Vast areas were not cultivated at all or lay fallow every second or third year in accordance with medieval practice. Landless peasants drifted to the cities or turned to brigandage, and the constantly increasing rural population simply could not find steady employment or a decent livelihood.

Financially the peasants saw themselves as in decline. Inflation hurt them; most farmers found that the prices of the products they sold rose less swiftly than those of the goods they had to buy. Moreover, the peasants owed a heavy burden of taxes and other obligations—the tithe to the church, feudal and manorial dues to the nobility, and to the state a land tax, an income tax, a poll tax, and other duties, of which the most widely detested was the gabelle, the obligatory payment of a salt tax to financiers who acted as government agents and usually overcharged.

Unemployment and poverty had created a revolutionary temper among the peasants. But they did not demand a change in the form of government. They most emphatically wanted more land, if need be at the expense of the clergy and the nobility; they wanted an end to obsolete manorial dues; and they wanted relief from a system of taxation that bore hardest upon those who could least afford to pay.

The other members of the third estate—the urban workers and the bourgeoisie—were also increasingly alienated. Nearly every major city was faced with discontented wage earners and apprentices who were seriously disadvantaged by the pinch of rising prices. This was especially true of day laborers, who were not allowed to organize unions and who turned to badly led strikes.

Apprentices and journeymen found their way blocked along the normal if slow path to master carpenter, bookbinder, or ribbon weaver, and these groups as well as stocking-frame weavers, journeymen hatters, dyers, and workers in the building trades resorted to strikes.

The working classes, who had seen themselves as divided into distinct groups, were now beginning to think of their problems in common despite their specialized trades or the gap between semiskilled, manual, and technically trained workers. In time this group, known as the sans-culottes (those without knee breeches), were united by a common fear that they could not buy bread and would starve.

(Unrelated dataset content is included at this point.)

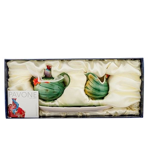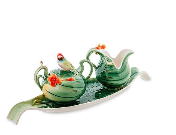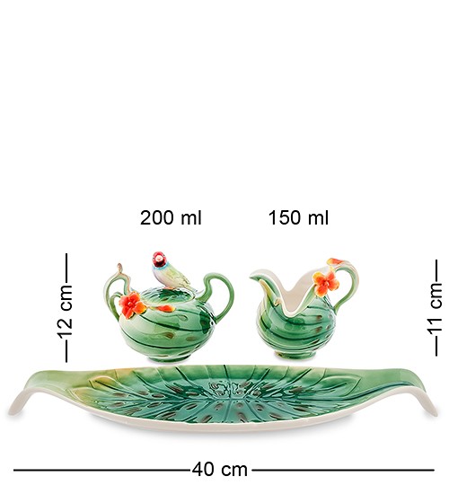 Плавні лінії від основи цукорниці та молочника вдало переплітаються з виразністю та реалістичністю папуги, що розташувалася нагорі. Своєю присутністю він буде спрямовувати ваші думки в позитивне русло і створюватиме сприятливу обстановку в кімнаті, роблячи її ще світлішою і затишнішою.

However, it was the bourgeoisie that focused these discontents and ultimately provided the leadership. The bourgeoisie included people of varied resources and interests—rich merchants and bankers in the cities, storekeepers and lawyers in country towns and villages, doctors and other professionals, and thousands upon thousands of crafts workers running their own little businesses. The bourgeoisie suffered fewer hardships than the peasants and workers did, but they resented the abuses of the Old Regime perhaps even more keenly.

Though they paid a smaller proportion of their incomes in taxes, they violently denounced the inequality of tax assessments. They found it galling to be snubbed by the nobility, treated as second- class subjects by the monarchy, and excluded from posts of power in government, church, and army.

Wealthier, better-educated, and more articulate than the peasants and wage earners, the middle class at first took the lead in formulating the grievances of the entire third estate. These grievances were compiled in statements called cahiers and were submitted to the Estates General in 1789.